**** Data provided ****
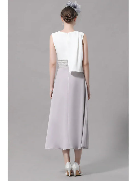 Mother of the Bride Dress Elegant Jewel Neck Tea Length Chiffon Sleeveless with Beading
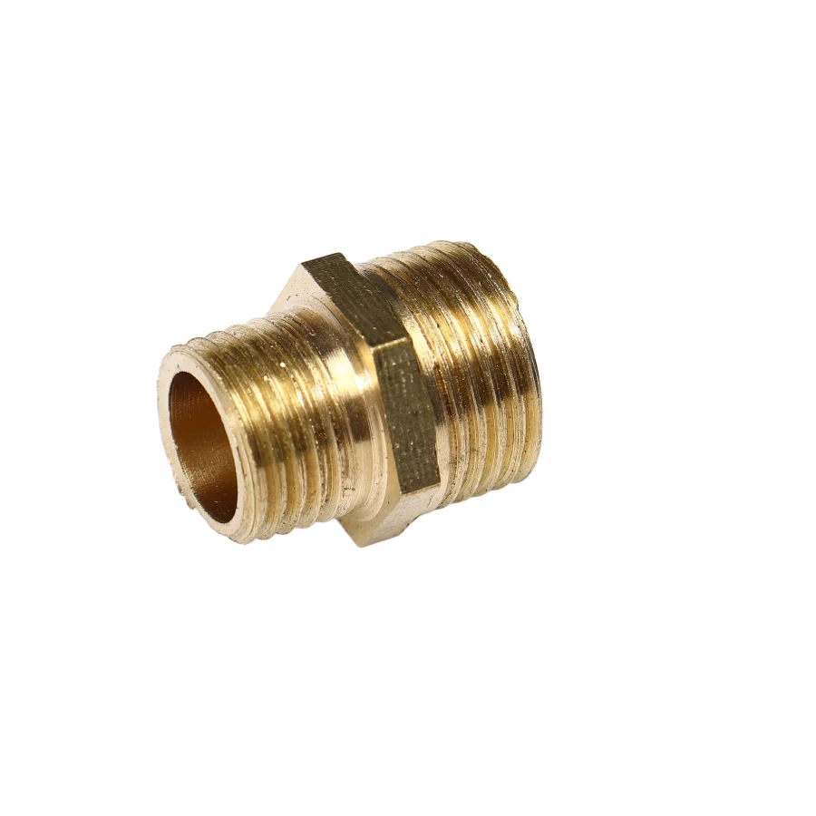 Соединитель резьбовой : наруж.резьба 3/8"x1/4″ используется для соединения двух шлангов, позволяя увеличить его длину. Благодаря креплению, адаптер прочно фиксирует шланги, исключая протекание. Переходник выполнен из латуни, что позволяет его использовать для подачи и технических жидкостей.
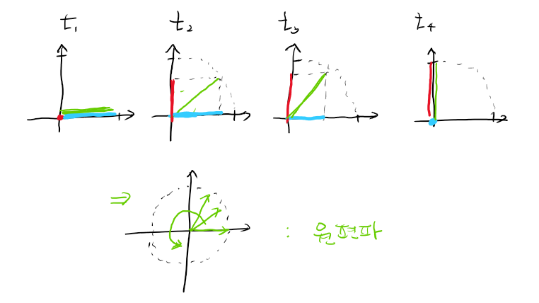 이런 경우, 아래처럼 전기력선의 궤적이 원을 그리게 되고, 진동방향의 회전방향에 따라 좌원편파, 우원편파로 구분된다.
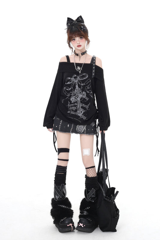 オフショルクロストップス
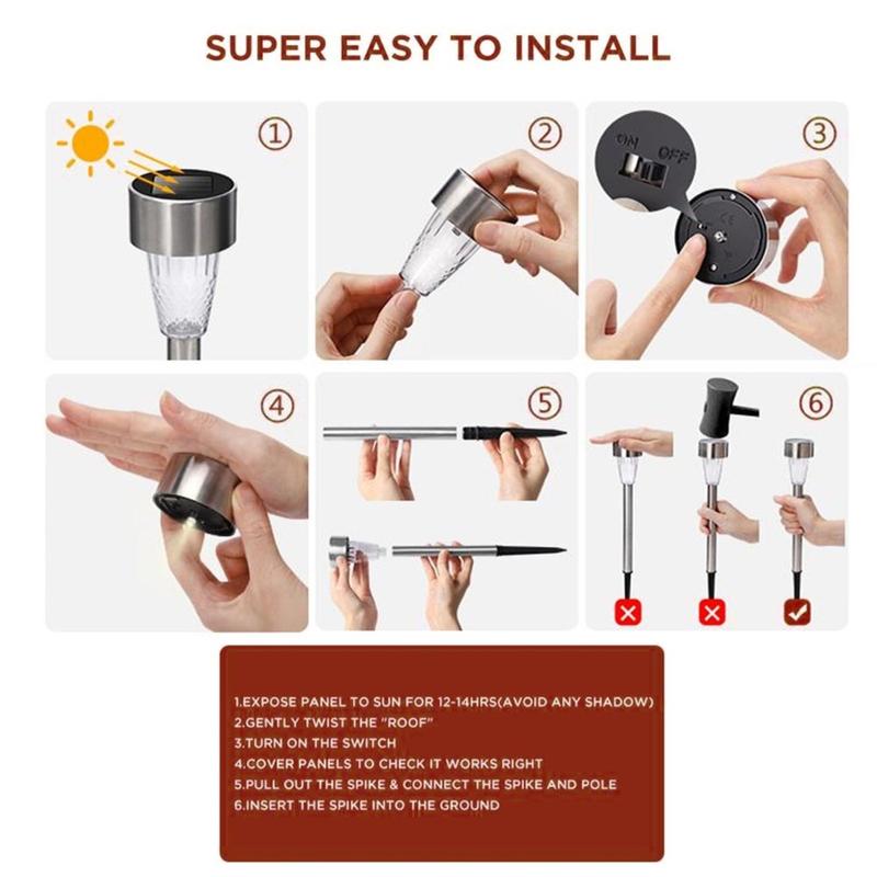 Outdoor Decorative Waterproof Anti-Deform Stainless Steel Brightest Solar Lights - 12 Pcs.
****
◆ **What the task asks**:
The required answer is every line from the one containing "이런 경우, 아래처럼" through the last line of the entries, restated word for word and with no pictures.

◆ **Exercise response**:
 이런 경우, 아래처럼 전기력선의 궤적이 원을 그리게 되고, 진동방향의 회전방향에 따라 좌원편파, 우원편파로 구분된다.
 オフショルクロストップス
 Outdoor Decorative Waterproof Anti-Deform Stainless Steel Brightest Solar Lights - 12 Pcs.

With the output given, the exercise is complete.